§ TO DO
Before anything else, drop the pictures; then return exactly the lines from the top of the listing through the line with "- Utomhusbild som".

§ COLLECTED MATERIAL
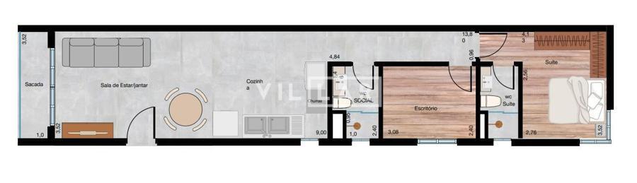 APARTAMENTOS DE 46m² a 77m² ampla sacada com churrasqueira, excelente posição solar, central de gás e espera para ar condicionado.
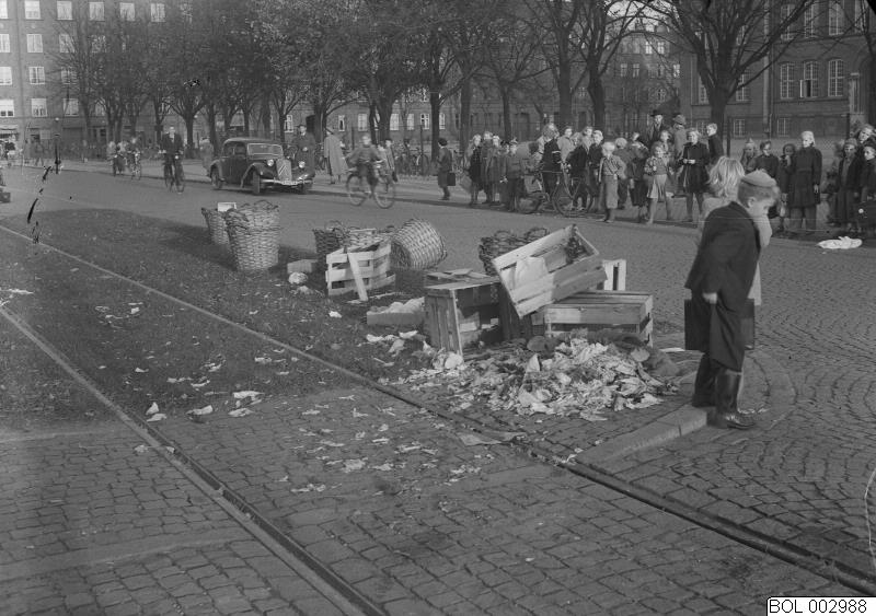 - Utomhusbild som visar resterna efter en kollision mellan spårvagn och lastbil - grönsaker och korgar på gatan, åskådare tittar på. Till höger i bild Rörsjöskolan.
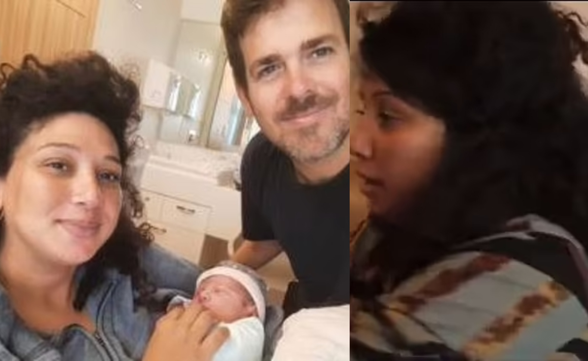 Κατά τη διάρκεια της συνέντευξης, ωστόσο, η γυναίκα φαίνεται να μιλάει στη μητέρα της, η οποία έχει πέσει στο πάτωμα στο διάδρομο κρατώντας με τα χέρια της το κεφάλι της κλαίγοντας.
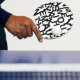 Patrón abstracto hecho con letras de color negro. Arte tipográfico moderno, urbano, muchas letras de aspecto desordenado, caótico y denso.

§ RESULT OF THE EXERCISE
 APARTAMENTOS DE 46m² a 77m² ampla sacada com churrasqueira, excelente posição solar, central de gás e espera para ar condicionado.
 - Utomhusbild som visar resterna efter en kollision mellan spårvagn och lastbil - grönsaker och korgar på gatan, åskådare tittar på. Till höger i bild Rörsjöskolan.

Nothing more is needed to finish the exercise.